*** Opening Extracted data ***
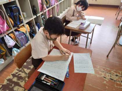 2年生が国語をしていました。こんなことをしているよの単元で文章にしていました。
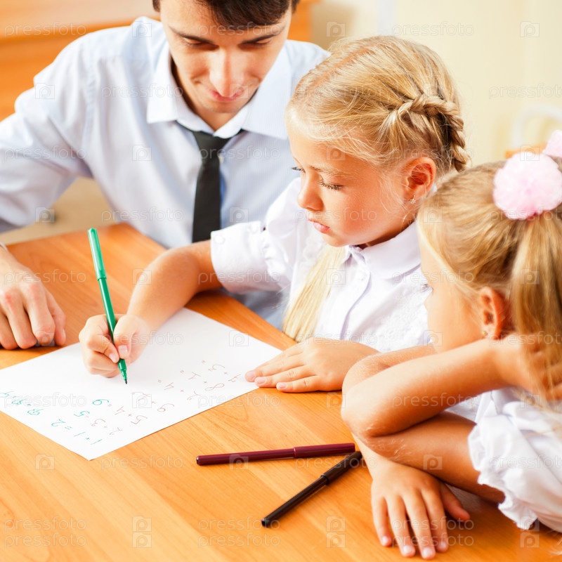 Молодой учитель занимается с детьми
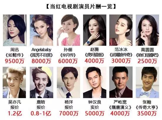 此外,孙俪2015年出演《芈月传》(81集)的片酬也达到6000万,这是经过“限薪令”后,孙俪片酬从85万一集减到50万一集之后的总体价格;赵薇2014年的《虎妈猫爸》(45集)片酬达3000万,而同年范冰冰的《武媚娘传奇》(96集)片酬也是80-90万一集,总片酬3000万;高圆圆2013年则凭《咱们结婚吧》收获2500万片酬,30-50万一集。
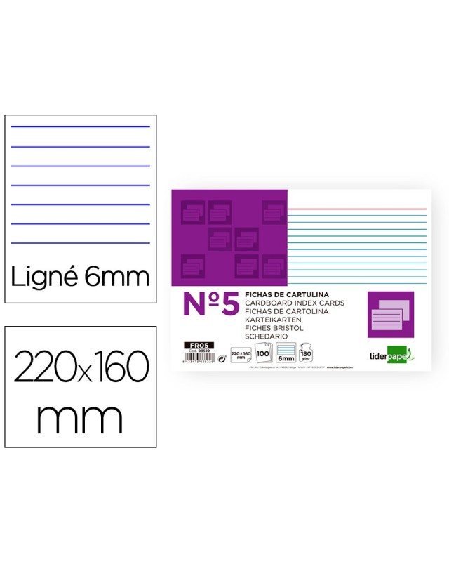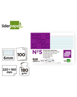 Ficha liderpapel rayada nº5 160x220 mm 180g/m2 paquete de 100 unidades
*** Closing Extracted data ***
*** Opening Extracted data ***
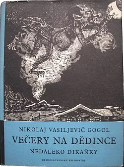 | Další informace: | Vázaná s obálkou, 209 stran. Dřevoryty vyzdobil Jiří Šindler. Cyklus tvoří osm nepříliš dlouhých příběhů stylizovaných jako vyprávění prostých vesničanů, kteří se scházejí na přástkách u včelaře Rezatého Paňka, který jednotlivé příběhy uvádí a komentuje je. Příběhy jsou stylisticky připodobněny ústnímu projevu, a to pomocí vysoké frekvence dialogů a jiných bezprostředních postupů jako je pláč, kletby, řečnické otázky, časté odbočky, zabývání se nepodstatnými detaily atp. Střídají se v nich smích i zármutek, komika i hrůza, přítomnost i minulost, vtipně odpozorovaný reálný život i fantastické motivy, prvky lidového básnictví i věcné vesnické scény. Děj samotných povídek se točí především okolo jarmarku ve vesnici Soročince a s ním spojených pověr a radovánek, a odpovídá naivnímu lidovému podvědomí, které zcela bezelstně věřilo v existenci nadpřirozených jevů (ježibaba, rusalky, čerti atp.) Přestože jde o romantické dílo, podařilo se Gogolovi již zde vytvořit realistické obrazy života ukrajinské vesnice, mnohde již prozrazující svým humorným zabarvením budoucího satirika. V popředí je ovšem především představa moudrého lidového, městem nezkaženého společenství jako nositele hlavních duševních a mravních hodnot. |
*** Closing Extracted data ***
▶ What to work on
Give again, exactly as written above, every line from the one holding "2年生が国語をしていました。こんなことをしているよの単元で文章にしていました。" to the one holding "Ficha liderpapel rayada", with both ends kept and the pictures left out.

▶ Answer area
 2年生が国語をしていました。こんなことをしているよの単元で文章にしていました。
 Молодой учитель занимается с детьми
 此外,孙俪2015年出演《芈月传》(81集)的片酬也达到6000万,这是经过“限薪令”后,孙俪片酬从85万一集减到50万一集之后的总体价格;赵薇2014年的《虎妈猫爸》(45集)片酬达3000万,而同年范冰冰的《武媚娘传奇》(96集)片酬也是80-90万一集,总片酬3000万;高圆圆2013年则凭《咱们结婚吧》收获2500万片酬,30-50万一集。
 Ficha liderpapel rayada nº5 160x220 mm 180g/m2 paquete de 100 unidades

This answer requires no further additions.